WHO’nun yayınladığı verilere göre 2018 yılında Türkiye’de 210 bin 537 yeni kanser vakası görüldü. Bu vakaların %56,5’ini erkek hastalar oluşturdu. 2018’de kanser nedeniyle ölenlerin sayısı 116 bin 710 olurken hayatını kaybedenlerin yaklaşık %64’ü ise erkek hastalardan oluşuyor. Bu veriler ışığında Türkiye’de kadınlara nazaran erkeklerde kanser vakasına ve ölümüne daha sık rastlandığını söylemek mümkün.
Bunun yanı sıra Türkiye’de erkeklerde en sık görülen kanser türleri sırasıyla akciğer, prostat, kolon, mesane ve mide kanserleri. Dünya geneline baktığımızda ise Türkiye’ye benzer şekilde akciğer, prostat ve kolon kanserlerinin erkeklerde en sık rastlanan kanser türleri olduğunu görüyoruz.

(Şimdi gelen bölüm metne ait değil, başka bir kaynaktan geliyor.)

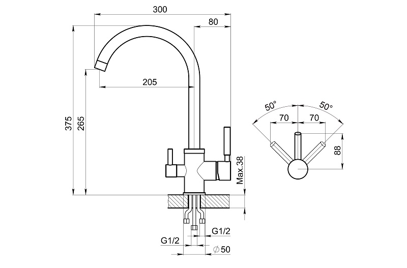 Смеситель для кухонной мойки Granula 2168 изготовлен из высококачественного материала. Латунный корпус обеспечивает длительный срок службы. При этом высокий излив позволяет мыть как мелкую, так и крупногабаритную посуду. Двухрычажная модель смесителя Granula 2168 выполнена с краном для питьевой воды. Фильтрованная вода подается по отдельной трубке и не смешивается с водопроводной водой.
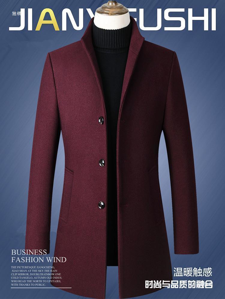 2023 가을 겨울 남자 모직 코트 중간 길이의 영국식 코트 한국식 슬림핏 칼라 모직 코트 트렌디스토어 가기
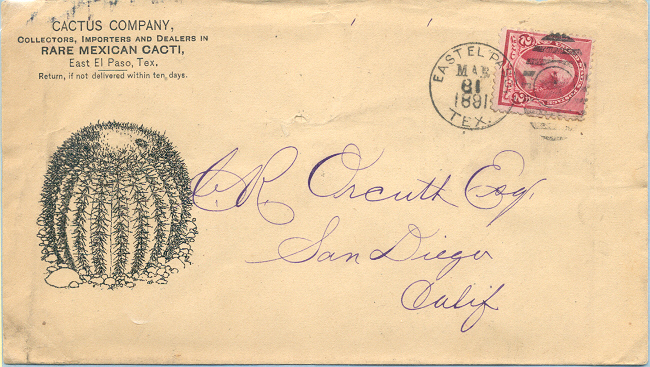 Anbei noch ein alter Brief vom 31.3.1891 Werbeaufdruck mit Echinocactus grusonii.
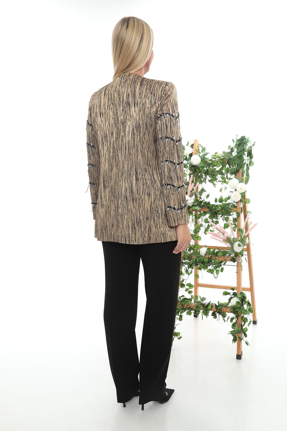 Jacket with Striped Stone Embroidery, Gold Triple-Pocket Pants Set (5870G)
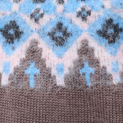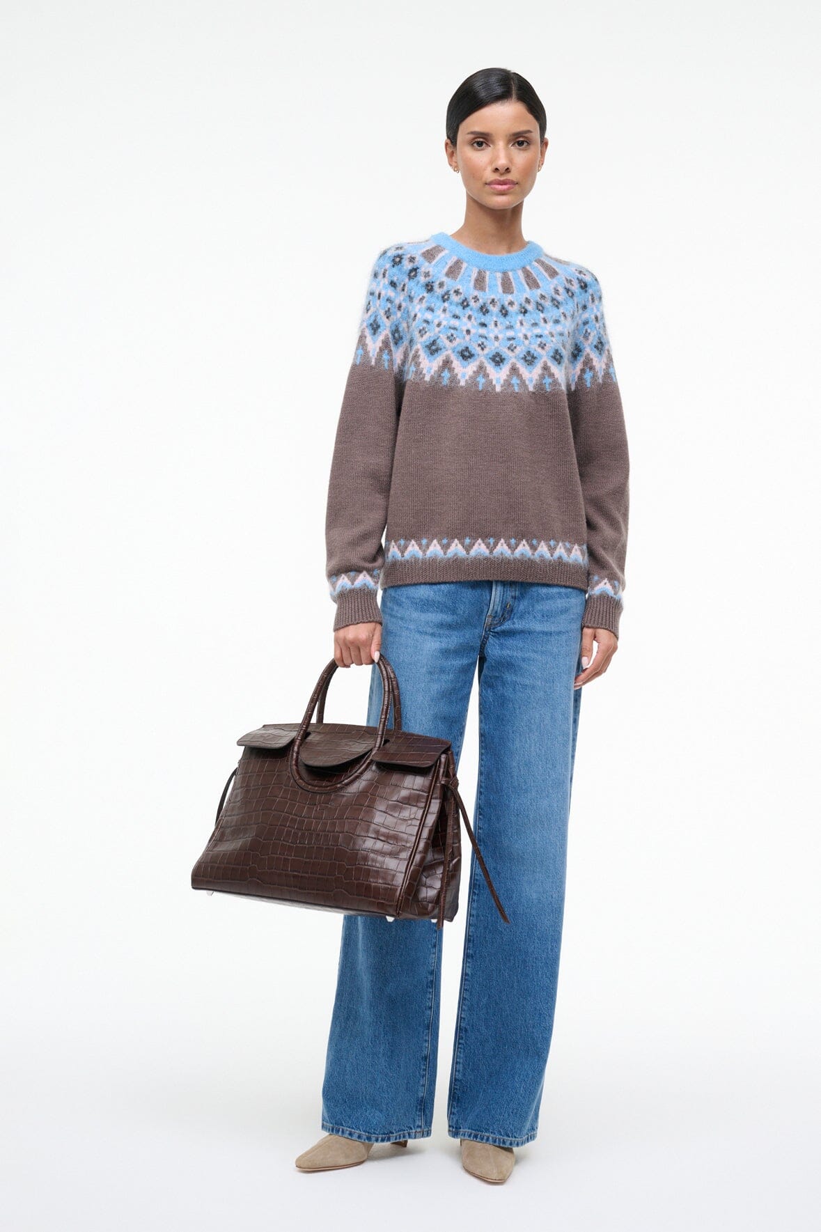 A cozy crewneck pullover. the Zane Sweater features a contrasting fairisle jacquard pattern and is made from a woll blend material.
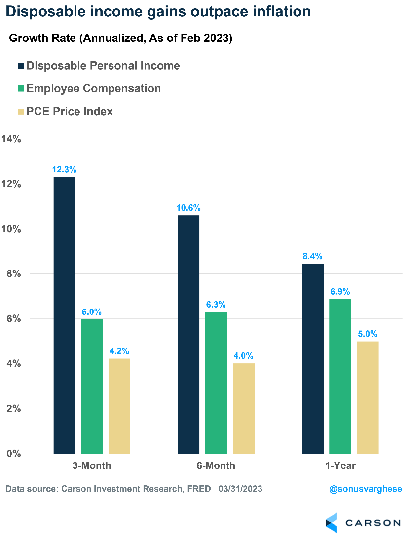 Lower inflation, by way of lower energy and food prices, means real incomes, i.e., incomes adjusted for inflation, remain strong. Stable incomes are dependent on a healthy labor market, which appears to be holding up as we wrote here.
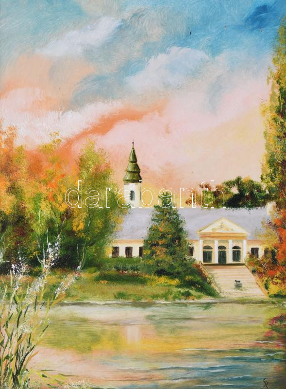 Beschreibung: Szabó László (-): A szarvasi Bolza-kastély. Olaj, farost, jelzett. Dekoratív fakeretben, 40×30 cm
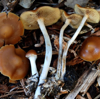 First Photo: Specimens showing the tendency of the stipe bases to bring up large chunks of substrate tightly bound with tough rhizomorphs. Note the aqua to navy-blue stains and the wavy cap margins.

Bununla birlikte kadınlarda en sık tanısı konan kanser türleri sırasıyla meme, tiroid, kolon, rahim ağzı ve akciğer kanserleri. Dünya genelinde de kadınlarda en çok görülen kanser türü meme kanseri.

Öte yandan 100 bin kişide yaşa göre standardize edilmiş insidans oranlarına baktığımızda, Türkiye’ye benzer şekilde dünyada da erkeklerde kanser teşhisinin kadınlara göre daha yüksek bir oranda olduğunu görüyoruz. Bununla birlikte Türkiye’de kadınlarda kanser görülme sıklığı dünya ortalamasında seyrederken erkeklerde bu oran, dünya ortalamasının üzerinde gerçekleşti. ABD ve Avrupa’da ise hem kadınlarda hem de erkeklerde kanser görülme sıklığı, Türkiye’ye kıyasla çok daha yüksek.

Son olarak Eurostat’ta ülkelere göre mamografi yaptıran kadınların yüzdesine de ulaşabiliyoruz. 2018 yılında Türkiye’de kadınların %34,8’i mamografi yaptırdı. Bu oran, birçok Avrupa ülkesine göre oldukça düşük. Bunun yanı sıra önceki yıllara benzer şekilde sıralamada Slovenya ve Birleşik Krallık başlarda yer alırken Sırbistan, yine son sırada geliyor.